Instructions for the task: Return each entry below exactly. Skip the images.

|---|

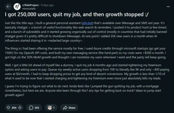 https://www.reddit.com/r/SideProject/comments/1gds937/i_got_250000_users_quit_my_job_and_then_growth/
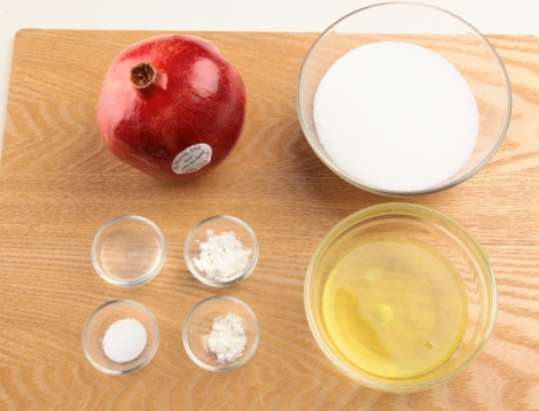 석류 1개, 달걀 흰자 4개, 설탕 200g, 레몬즙 1작은술, 소금 2g, 베이킹파우더 2g, 전분 2g
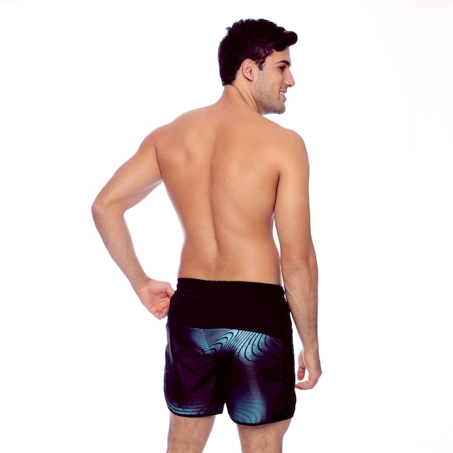 Microfibra Estampada com Sublimação: O shorts masculino apresenta uma estampa vibrante e durável, aplicada com técnica de sublimação, e o logo em transfer refletivo para maior segurança em ambientes com pouca luz.
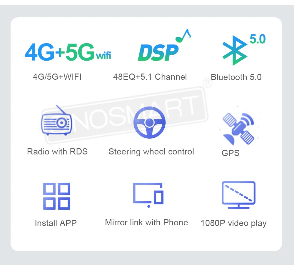 Встроенный GPS, радио с RDS, поддержка кнопок управления рулем, Bluetooth для телефонных звонков/музыки и Bluetooth OBD,TPMS,1080P видео воспроизведения, зеркальная связь с телефоном. Загрузите и установите приложение, которое вам нравится.
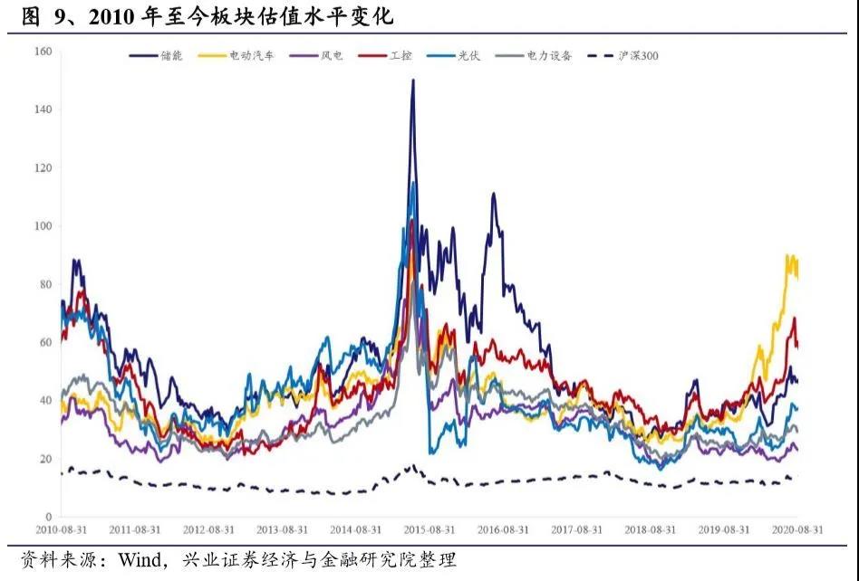 1.2、行业估值比较 截至2020年9月11日,沪深300估值为13.98倍(TTM整体法,剔除负值),储能板块、电动汽车板块、电力设备板块、风电板块、工控板块、光伏板块市估值分别为44.16、78.90、28.50、22.97、55.98、38.30;对于沪深300的估值溢价率分别为2.16、4.64、1.04、0.64、3.00、1.74。
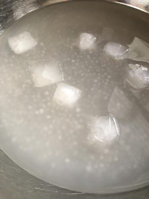 אחרי הבישול והסינון משרים אותן במים עם קרח כדי שיתייצבו. צילום עז תלם
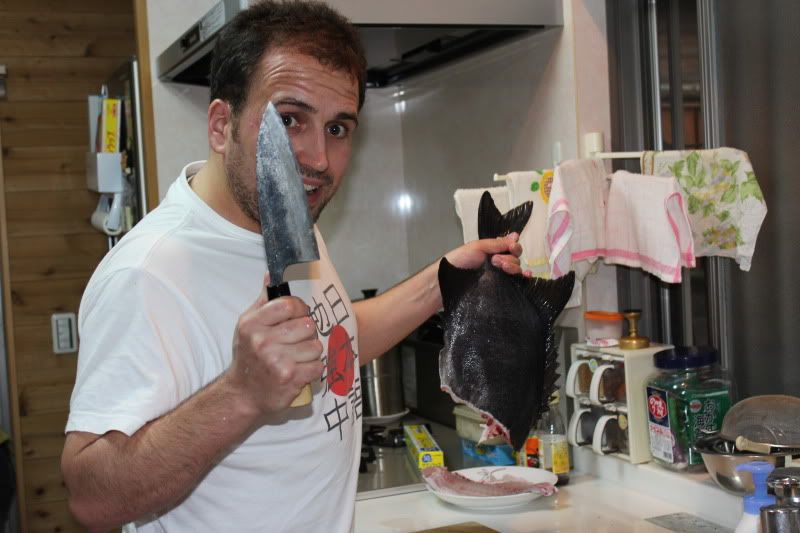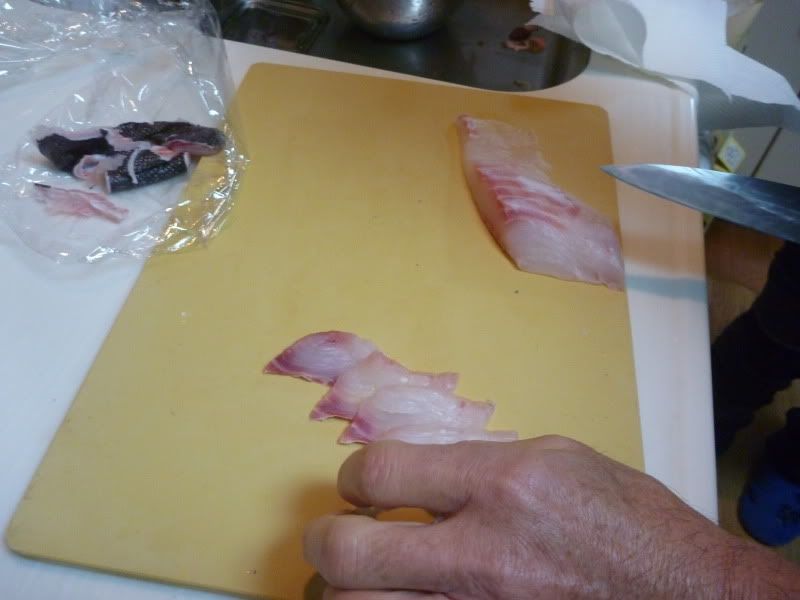 Y un par de fotos despiezando el pescado. Primero los ishidai y luego el sujiara.
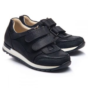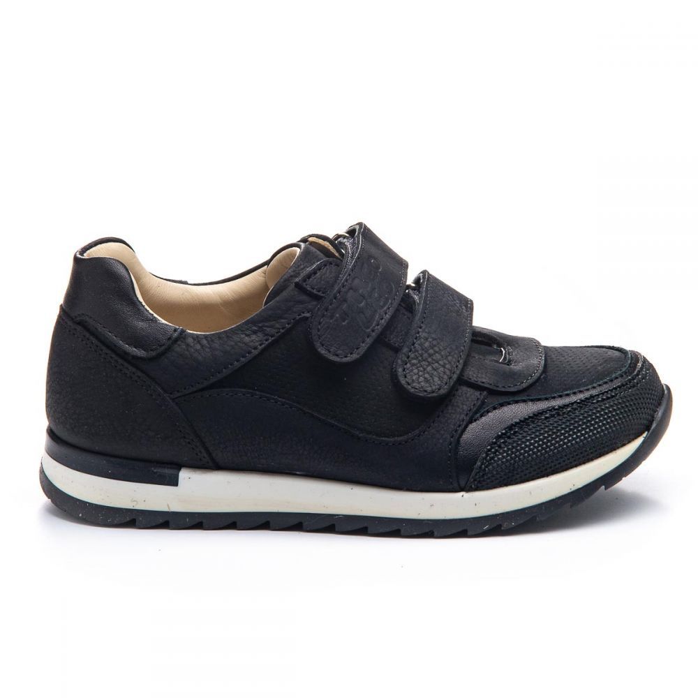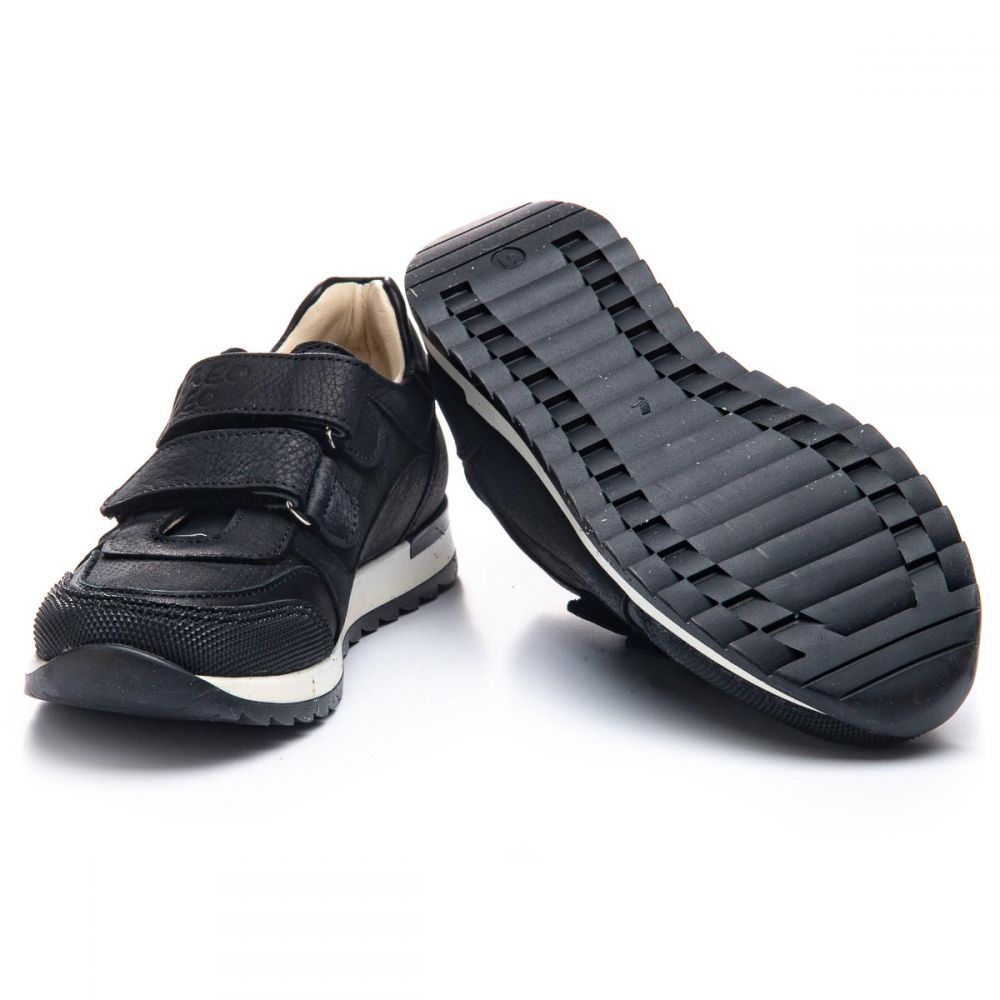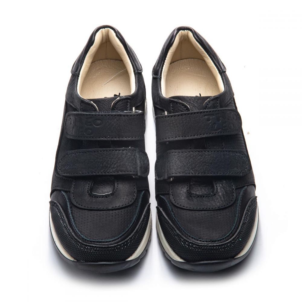 Theo Leo 1106 - зручні кросівки виконані з натуральної шкіри чорного кольору. Модель на двох липучках, для швидкого і комфортного процесу взування. Устілка і підкладка - натуральна шкіра. Присутній анатомічний супінатор. Підошва виконана з термопластичної гуми, не ковзає і добре амортизує. Добре підійдуть як в школу, так і для активних буднів.
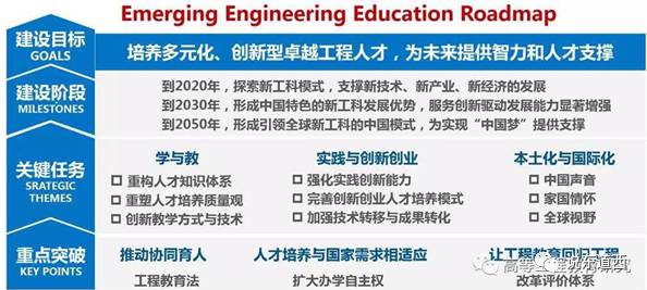 图3-新工科路线图(来源:钟登华,新工科建设的内涵与行动,高等工程教育研究,2017年5月2日)
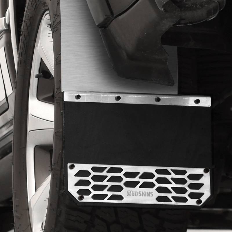 Protect your fenders from debris with Putco stainless steel Hex mud skins. These units are the perfect blend of style and protection for your truck from rocks, mud, snow, and anything the elements can throw at you and your ride. Choose from a front pair, rear pair, or a full set of mudflaps.These American-made mud flaps are constructed out of heavy-duty quarter-inch rubber that is held to your truck with 18 gauge stainless steel that you can get in polished stainless steel or brushed stainless steel. These Hex mudguards are also great for any truck that has oversized tires because of their offset design. Installing the Putco hex shield mud skins is easy with no drilling and all mounting hardware included. So if you are looking for a one-of-a-kind style but want extra protection from debris the Putco Stainless steel Hex Mud Skins are perfect for you. Get these limited lifetime warranty mud flaps order today!
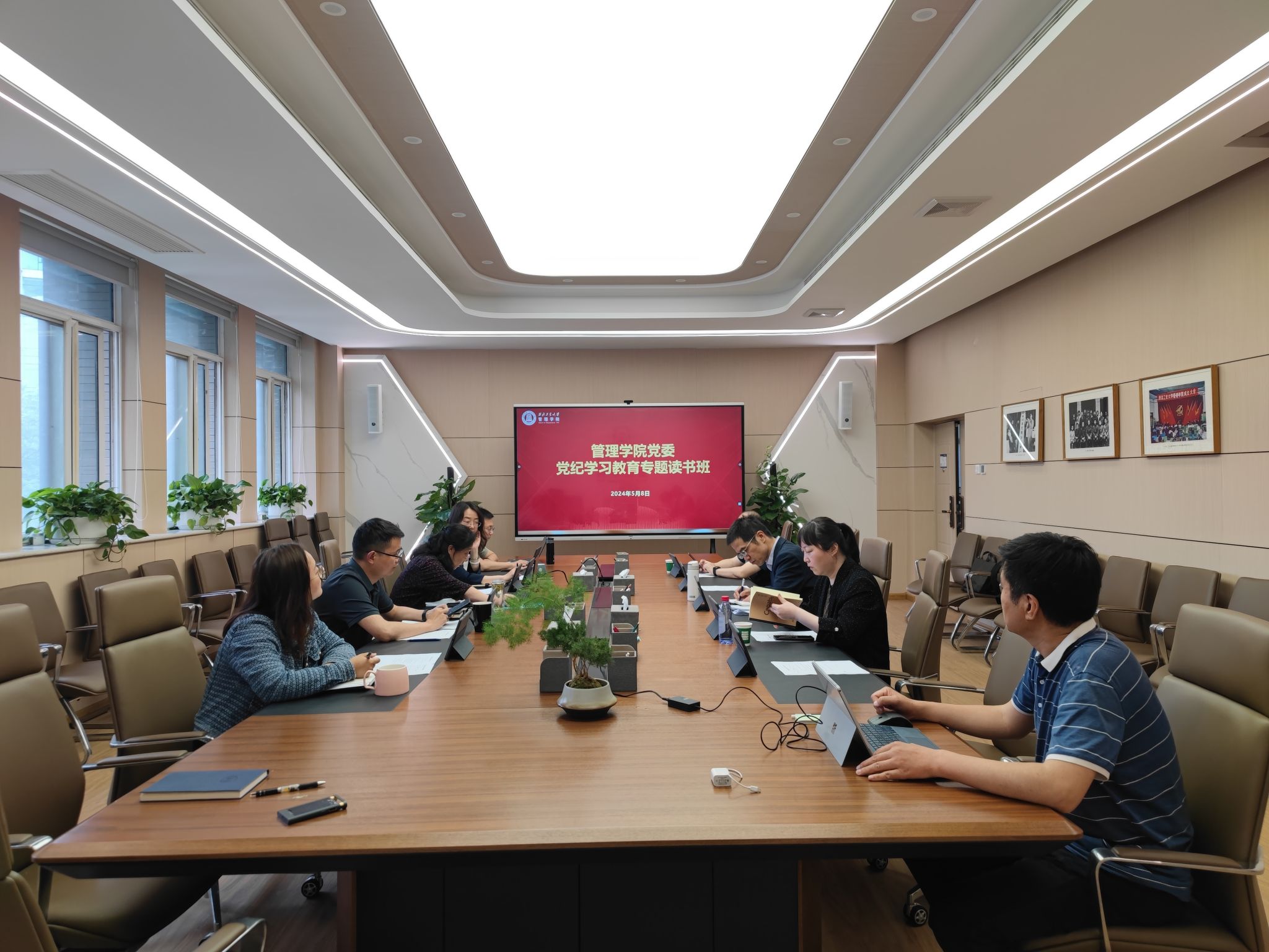 5月8日,漫岛动漫 党委举行党纪学习教育第一期读书班暨党委理论学习中心组学习会,深入学习习近平总书记关于加强党的纪律建设的重要论述和《中国共产党纪律处分条例》,引导党员干部学纪知纪明纪守纪,推动党纪学习教育走深走实。学院领导班子、中心组成员参加会议,学院党委书记张爽主持会议。
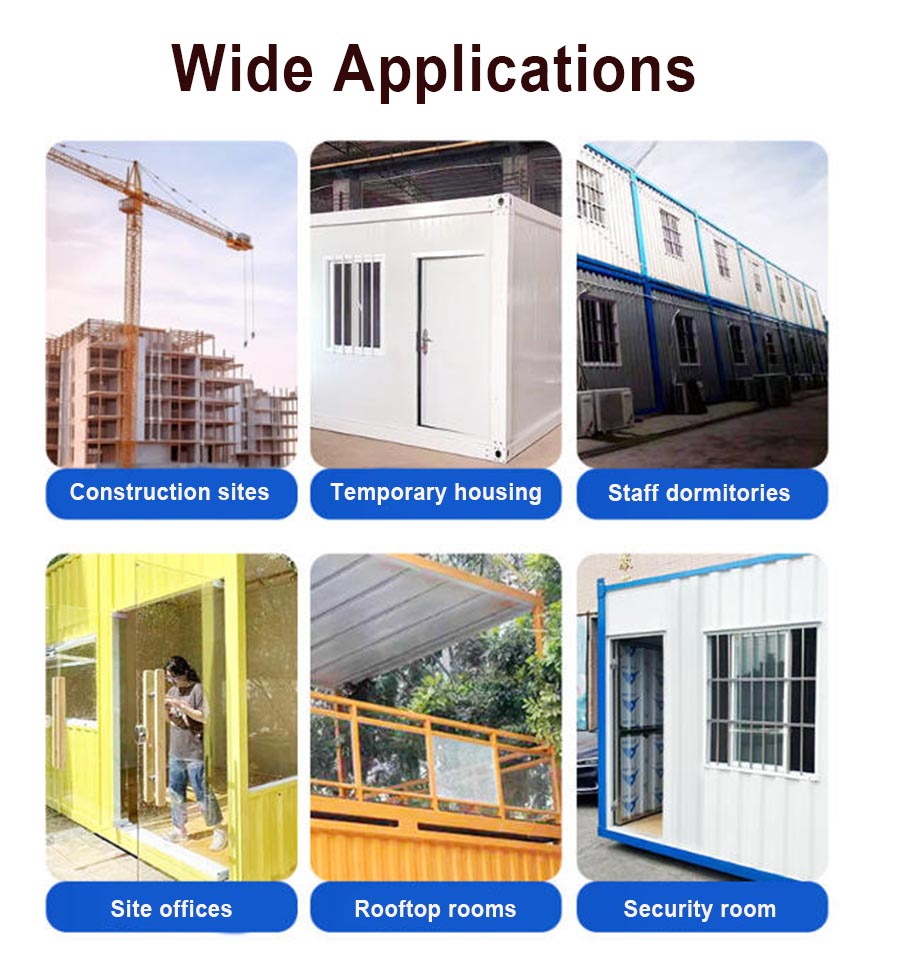 Это сборное здание (контейнерный офис и сборный дом из грузового контейнера) подходит для строительных площадок, временного жилья, общежитий для персонала, офисов на стройплощадках, комнат на крыше и комнат охраны — практичное и быстро устанавливаемое.

|---|

Exercise answer:
 https://www.reddit.com/r/SideProject/comments/1gds937/i_got_250000_users_quit_my_job_and_then_growth/
 석류 1개, 달걀 흰자 4개, 설탕 200g, 레몬즙 1작은술, 소금 2g, 베이킹파우더 2g, 전분 2g
 Microfibra Estampada com Sublimação: O shorts masculino apresenta uma estampa vibrante e durável, aplicada com técnica de sublimação, e o logo em transfer refletivo para maior segurança em ambientes com pouca luz.
 Встроенный GPS, радио с RDS, поддержка кнопок управления рулем, Bluetooth для телефонных звонков/музыки и Bluetooth OBD,TPMS,1080P видео воспроизведения, зеркальная связь с телефоном. Загрузите и установите приложение, которое вам нравится.
 1.2、行业估值比较 截至2020年9月11日,沪深300估值为13.98倍(TTM整体法,剔除负值),储能板块、电动汽车板块、电力设备板块、风电板块、工控板块、光伏板块市估值分别为44.16、78.90、28.50、22.97、55.98、38.30;对于沪深300的估值溢价率分别为2.16、4.64、1.04、0.64、3.00、1.74。
 אחרי הבישול והסינון משרים אותן במים עם קרח כדי שיתייצבו. צילום עז תלם
 Y un par de fotos despiezando el pescado. Primero los ishidai y luego el sujiara.
 Theo Leo 1106 - зручні кросівки виконані з натуральної шкіри чорного кольору. Модель на двох липучках, для швидкого і комфортного процесу взування. Устілка і підкладка - натуральна шкіра. Присутній анатомічний супінатор. Підошва виконана з термопластичної гуми, не ковзає і добре амортизує. Добре підійдуть як в школу, так і для активних буднів.
 图3-新工科路线图(来源:钟登华,新工科建设的内涵与行动,高等工程教育研究,2017年5月2日)
 Protect your fenders from debris with Putco stainless steel Hex mud skins. These units are the perfect blend of style and protection for your truck from rocks, mud, snow, and anything the elements can throw at you and your ride. Choose from a front pair, rear pair, or a full set of mudflaps.These American-made mud flaps are constructed out of heavy-duty quarter-inch rubber that is held to your truck with 18 gauge stainless steel that you can get in polished stainless steel or brushed stainless steel. These Hex mudguards are also great for any truck that has oversized tires because of their offset design. Installing the Putco hex shield mud skins is easy with no drilling and all mounting hardware included. So if you are looking for a one-of-a-kind style but want extra protection from debris the Putco Stainless steel Hex Mud Skins are perfect for you. Get these limited lifetime warranty mud flaps order today!
 5月8日,漫岛动漫 党委举行党纪学习教育第一期读书班暨党委理论学习中心组学习会,深入学习习近平总书记关于加强党的纪律建设的重要论述和《中国共产党纪律处分条例》,引导党员干部学纪知纪明纪守纪,推动党纪学习教育走深走实。学院领导班子、中心组成员参加会议,学院党委书记张爽主持会议。
 Это сборное здание (контейнерный офис и сборный дом из грузового контейнера) подходит для строительных площадок, временного жилья, общежитий для персонала, офисов на стройплощадках, комнат на крыше и комнат охраны — практичное и быстро устанавливаемое.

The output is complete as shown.